DATA TO USE:
· · · · ·
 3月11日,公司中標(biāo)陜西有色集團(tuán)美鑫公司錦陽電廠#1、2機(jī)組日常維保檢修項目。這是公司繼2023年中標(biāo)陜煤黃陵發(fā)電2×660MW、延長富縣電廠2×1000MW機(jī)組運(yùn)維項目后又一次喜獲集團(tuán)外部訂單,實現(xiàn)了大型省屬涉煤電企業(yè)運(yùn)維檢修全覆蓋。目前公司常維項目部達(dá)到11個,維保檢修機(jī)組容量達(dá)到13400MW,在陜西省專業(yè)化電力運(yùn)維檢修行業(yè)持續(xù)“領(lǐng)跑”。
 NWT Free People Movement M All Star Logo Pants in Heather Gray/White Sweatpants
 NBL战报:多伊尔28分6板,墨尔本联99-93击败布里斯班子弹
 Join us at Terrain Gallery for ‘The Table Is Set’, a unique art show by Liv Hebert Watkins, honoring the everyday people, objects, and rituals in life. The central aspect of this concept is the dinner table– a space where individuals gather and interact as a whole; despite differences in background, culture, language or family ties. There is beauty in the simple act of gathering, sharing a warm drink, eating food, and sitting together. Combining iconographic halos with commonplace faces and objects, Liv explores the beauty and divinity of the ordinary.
· · · · ·
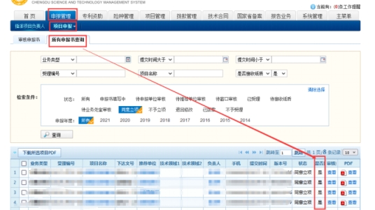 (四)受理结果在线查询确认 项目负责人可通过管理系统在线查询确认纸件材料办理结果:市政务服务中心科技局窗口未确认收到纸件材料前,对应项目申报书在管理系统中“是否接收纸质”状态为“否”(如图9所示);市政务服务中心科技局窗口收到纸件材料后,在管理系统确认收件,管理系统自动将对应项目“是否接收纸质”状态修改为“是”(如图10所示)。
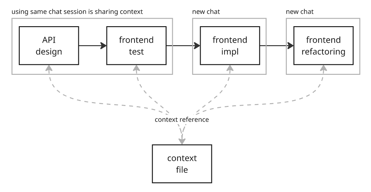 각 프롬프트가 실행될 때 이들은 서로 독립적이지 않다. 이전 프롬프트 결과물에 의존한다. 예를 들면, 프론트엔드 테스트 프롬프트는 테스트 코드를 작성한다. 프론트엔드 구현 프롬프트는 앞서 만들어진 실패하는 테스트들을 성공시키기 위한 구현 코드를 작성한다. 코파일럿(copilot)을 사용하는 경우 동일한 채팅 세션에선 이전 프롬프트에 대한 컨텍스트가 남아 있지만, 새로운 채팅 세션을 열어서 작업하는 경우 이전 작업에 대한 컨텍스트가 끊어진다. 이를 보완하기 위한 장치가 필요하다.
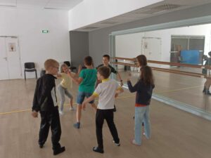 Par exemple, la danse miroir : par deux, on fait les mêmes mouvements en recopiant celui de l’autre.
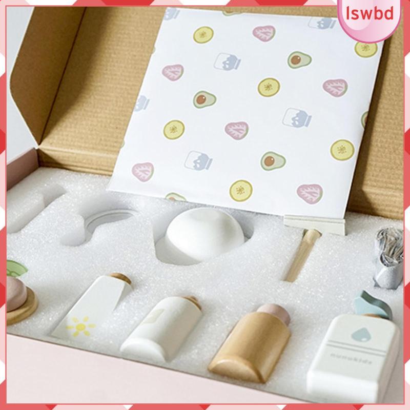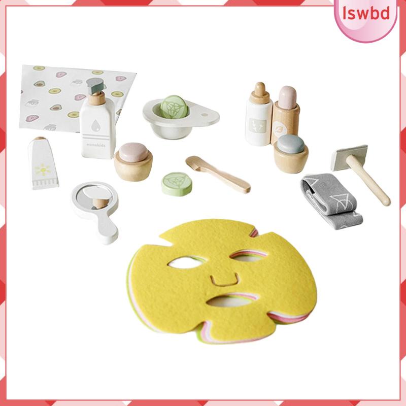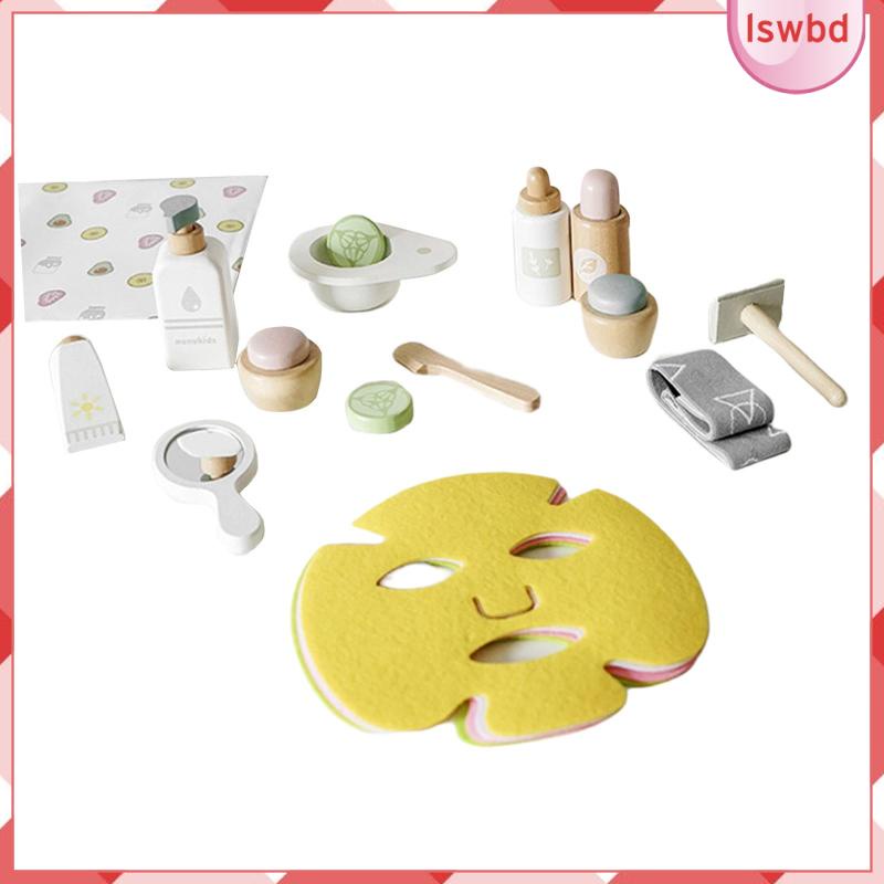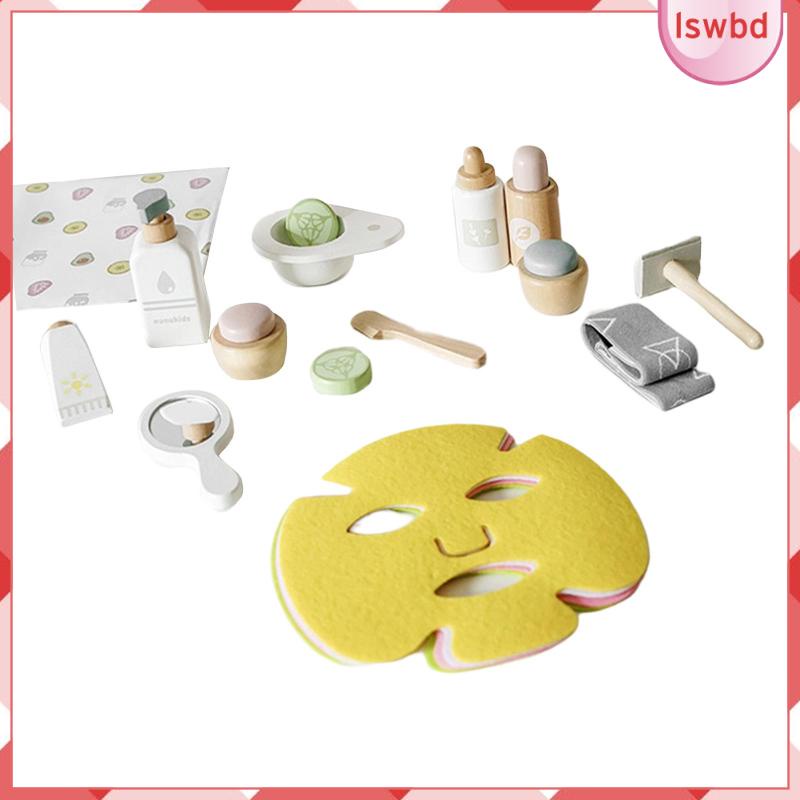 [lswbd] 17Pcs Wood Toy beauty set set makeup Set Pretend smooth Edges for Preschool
· · · · ·
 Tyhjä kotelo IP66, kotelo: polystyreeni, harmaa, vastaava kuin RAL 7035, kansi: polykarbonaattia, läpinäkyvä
· · · · ·
TASK BRIEF: Although the records above contain pictures, the copy must not; set down exactly the lines from the one with "Par exemple, la" up to and including the one with "[lswbd] 17Pcs Wood".

YOUR RESPONSE:
 Par exemple, la danse miroir : par deux, on fait les mêmes mouvements en recopiant celui de l’autre.
 [lswbd] 17Pcs Wood Toy beauty set set makeup Set Pretend smooth Edges for Preschool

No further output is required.